In the last four regular-season games, Oliver had 3.5 sacks and, per Pro Football Focus, 13 pressures. To build off that, it’s been less about adding moves and more about perfecting them.

“Just tightened them up, being more precise with my hands, more precise with my footwork,” Oliver said. “I’m just rushing together with other guys. We’ve got a good feel for each other right now. Just carrying that over to the season [is] going to be key.”

He spent some time in Houston this offseason with pass-rush specialist Brandon Jordan, where he also trained more with former-teammate Jerry Hughes Jr.

“Ed has been working,” Jordan told Pro Football Network. “To see the way he’s been growing every year with his technique and the way he goes about his business and knowledge of how to do it, it’s been great to see him grow.”

For Oliver to maintain a high level of play, it helps that the Bills bolstered the defense as a whole. Center Mitch Morse said that having Oliver on the same side as Von Miller is “almost a little bit cheating.” Oliver sees where Morse is coming from, but he has a counterpoint.

“It is cheating when we are on the same side, it's definitely a win. But I think when we are on opposite sides from each other, it's even better,” Oliver said. “I know Mitch said on the same side and like you got to make sure you take care of them. But when we're on opposite sides, which one do you take care of?”

Oliver has watched some of Miller’s film from his time with the Los Angeles Rams to get a better sense of how he and Aaron Donald played off each other. Oliver doesn’t think it will directly translate to their tandem in Buffalo – he thinks Donald’s “twitchier” style of play, while clearly effective, is different from his approach.

But Oliver’s takeaway was still clear.

“I noticed they was rushing on opposite sides,” he said.

Oliver and Miller often dance on the sidelines together, and their friendship is tangibly clear throughout practice. But Oliver thinks the addition of Miller is just one of many factors making the Bills' defense stronger this season. He pointed out Greg Rousseau’s continued growth, as well as DaQuan Jones' and A.J. Epenesa’s contributions. And he’s thrilled to be reunited with Jordan Phillips.

Phillips was part of a skirmish involving quarterback Josh Allen in the team’s first padded practice, but Oliver, and even McDermott to a certain extent, have appreciated the intensity.

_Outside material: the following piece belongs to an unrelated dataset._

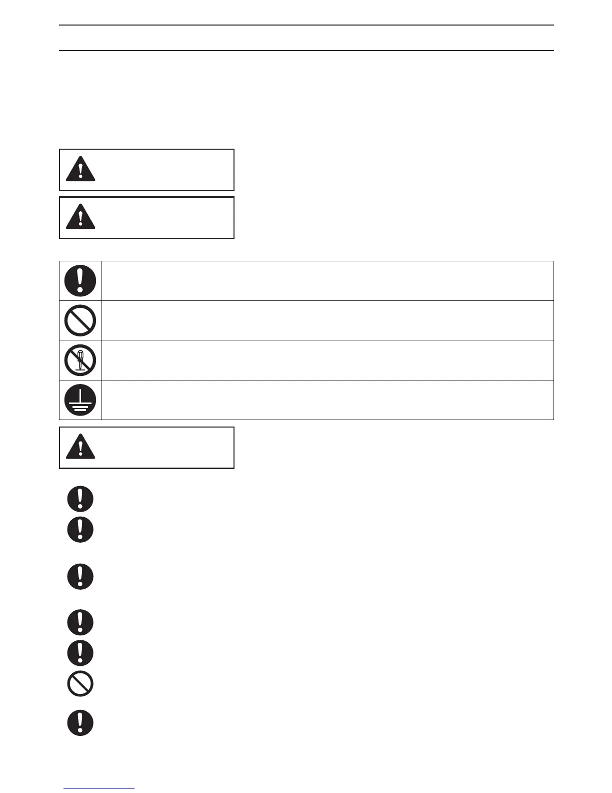 The following symbols are used to classify and describe the type of instructions to be observed.

“I think the first padded practice Jordan was on fire,” Oliver said. “That’s what we need out of him, him to be a dominating force. Talk about a guy who can just bully somebody. We need that. That’s exactly what we’re getting out of him right now. I can’t say enough about him.”

Oliver spent plenty of time praising his teammates before he rode away on the same scooter that brought him to the press conference.

“I’m having the most fun in a training camp I’ve had,” Oliver said, “Just making plays, flying around, just hanging out with the guys, and everybody making plays.”

“There he goes. One of God's own prototypes.

A high-powered mutant of some kind, never even considered for mass production.

Too weird to live, and too rare to die.”